What to produce –
All lines from the one bearing "1652 calendar" through the end of the data below must be printed exactly as they stand, with pictures removed.

Source data –
-- Opening Marker --
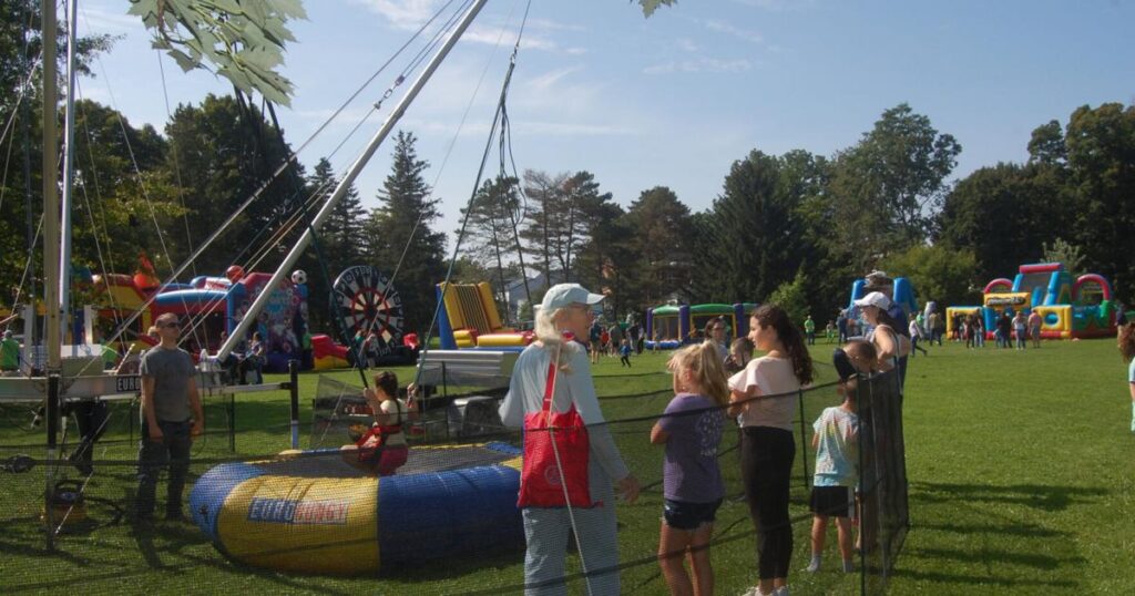 LOWVILLE — Complete with the giant cheesecake, the annual Cream Cheese Festival returned to historic downtown Lowville Saturday.According to festival chairman Jeremiah S. Papineau, the attendance was a lot better than at last year’s event which was modified due to the pandemic.“We are very excited to see attendance increase this year as we continue to work our way out of the pandemic,” he said. “We have had a lot of great vendors and a lot of great entertainment as usual. All of this is thanks to our amazing committee of volunteers. Without them, we wouldn’t be able to host an event like this for the community.”The 1,100 pound cheesecake provided by Heinz Kraft was dedicated in memory of Brian Western. After the unveiling of the stars and stripes decorated creation, Congresswoman Elise Stefanik along with state Senate candidate Mark Walczyk and U.S. Senate candidate Joe Pinion had the honor of cutting the first slices.Having a slice of the giant cheesecake, Mikayla T. Riley of Evans Mills and Hannah C. Stokes of Fort Drum, said they enjoyed the creamy sweet treat.Ms. Riley said she learned of the festival from a coworker and was excited to attend for the first time.“I was absolutely drawn by the giant cheesecake to come,” said Ms. Stokes. “It was delicious.”“I’m glad the weather worked out,” Ms. Riley said, noting as the sun began to warm things up, the day started out very chilly.The ladies and their soldier companions agreed they would definitely come back to the event next year.Vendors including nonprofits, crafters, banks, artisans and food trucks lined The Parkway and the section of North State Street from Bostwick to Dayan streets which were blocked off for the event.Ava J. Connell, 6, of Fort Drum took a spin on the wheel at the Lewis County Dairy Ambassador booth and said she was excited to win a prize.Brynnleigh J. Hoffert, 2, of Lowville, with her father, Alex, selects a duck from the pond at the Carthage Savings booth at the Cream Cheese Festival on Saturday. Elaine M. Avallone/Johnson Newspapers Brynnleigh J. Hoffert, 2, of Lowville, received a stuffed animal from Carthage Savings for picking the right duck in the pond.Her parents, Alex and MiKala Hoffert, said they come to the Cream Cheese Festival every year.“To buy stuff — to support the local businesses.” said Mrs. Hoffert.Live entertainment at the Main Stage on North State Street included Ransom, Tough Luck, Undefeated, Josh Cox Band and Double Barrel Blues Band. In addition, musical entertainment was offered at the Veterans Stage next to American Legion Post 162 with Ken Powis, Gabe Shepherd, Jim “Jimmy G” Gratch, Bill & Kass and A.J. Fleming & Jasyn Griffin.For $5, children had unlimited access to the bounce houses, inflated soccer field, climbing challenge and mechanical bull in the Children’s Discovery Park, featuring attractions by Adventures in Climbing in Veterans Memorial Park along Parkway Drive.Benjamin Vaerewyck, 3, of Lowville, plays in the corn pit at Children’s Discovery Park during the Cream Cheese Festival in Lowville on Saturday. Elaine M. Avallone/Johnson Newspapers Mary J. Vaerewyck of Lowville watched as her grandson, Benjamin Vaerewyck, 3, transferred dried corn kernels from the large box to a plastic pan in the Children’s Discovery Park.“We came last year,” Ms. Vaerewyck said, noting they visited more of the vendors but this year it was all about Benjamin. “It’s good for him to experience something like this – to be around other kids.”During the festival, families also had the opportunity to obtain a Child Safe ID Badge from the Lowville Police Department.Hailee C. Webb, 10, of Carthage received her badge, saying she had gotten one a few years back and thought it would be fun to get another.Accompanied by her grandmother and a friend, Hailee said it was their first time at the event and she enjoyed getting ice cream from one of the vendors.Renee A. Roggie and Officer Brandon Arthur created the children identification cards which include the child’s date of birth, description, photo and fingerprints. Officer Arthur explained the information was shared to a database in Albany and parents can show the card to authorities if a child went missing. They recommended that a new card be obtained each year. The department holds the badge creation events upon request and will present one at the Zombie Run hosted by UP! United Prevention Coalition Oct. 1 at the Lewis County Fairgrounds.As an Amazon Associate I earn from qualifying purchases.
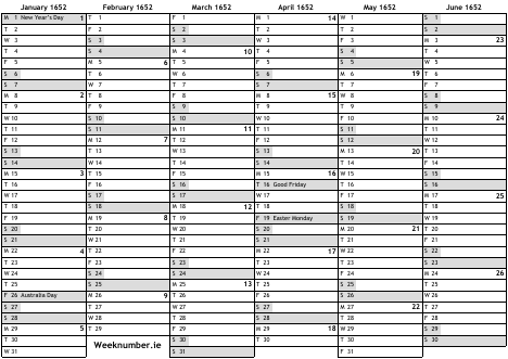 1652 calendar
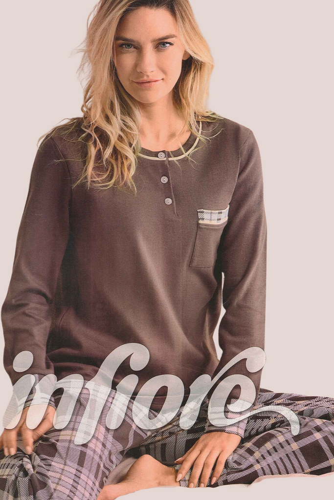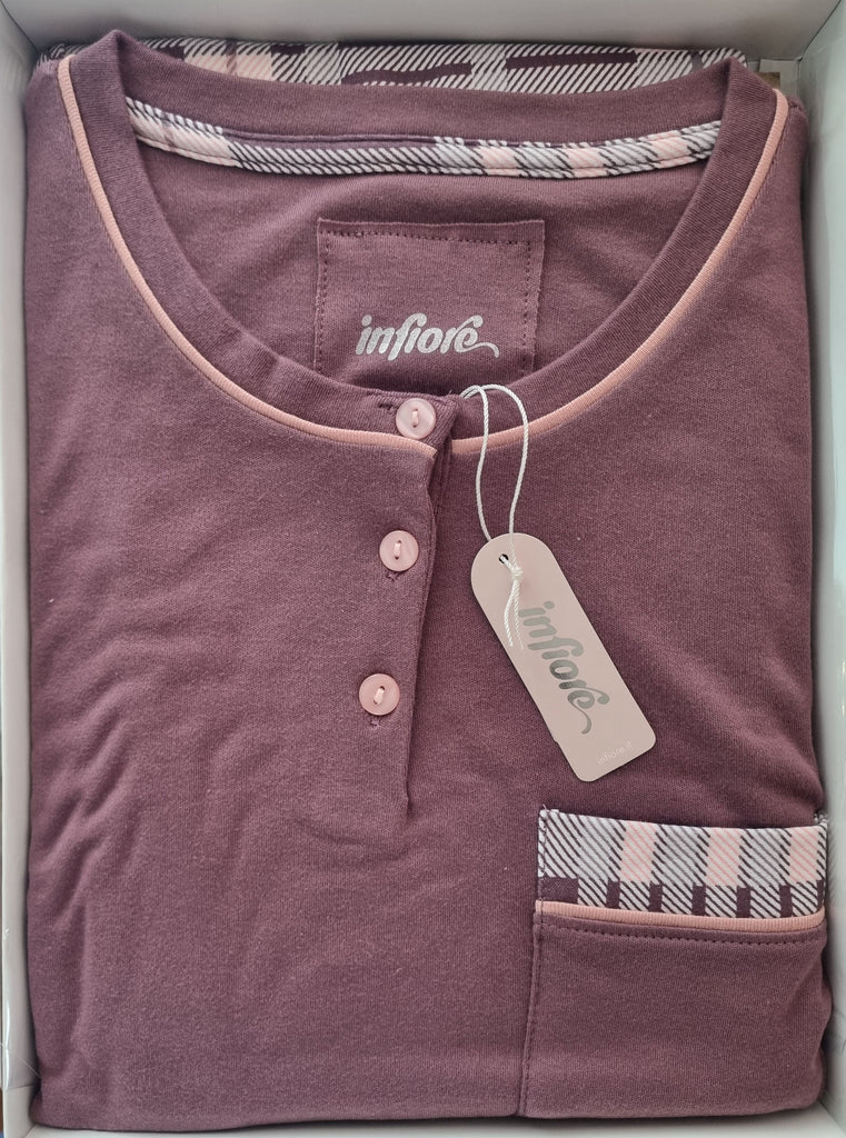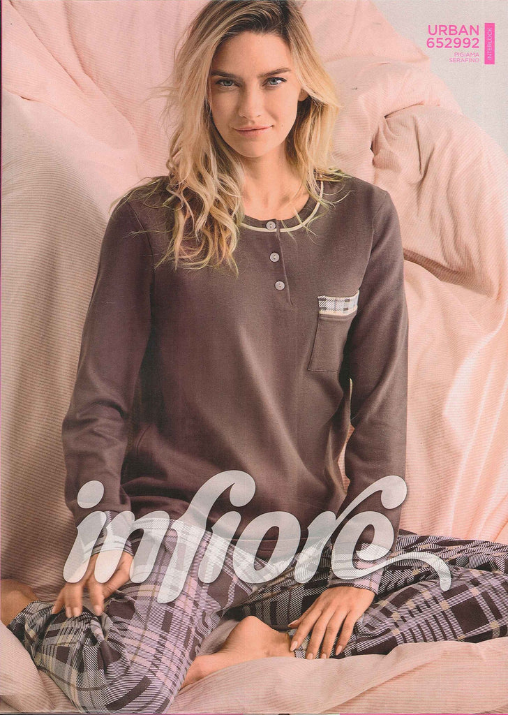 INFIORE propone questo pigiama donna ART. URB652992 in termo cotone con maglia a serafino in tinta unita, taschino e polsini.
-- Closing Marker --
Output of the exercise –
 1652 calendar
 INFIORE propone questo pigiama donna ART. URB652992 in termo cotone con maglia a serafino in tinta unita, taschino e polsini.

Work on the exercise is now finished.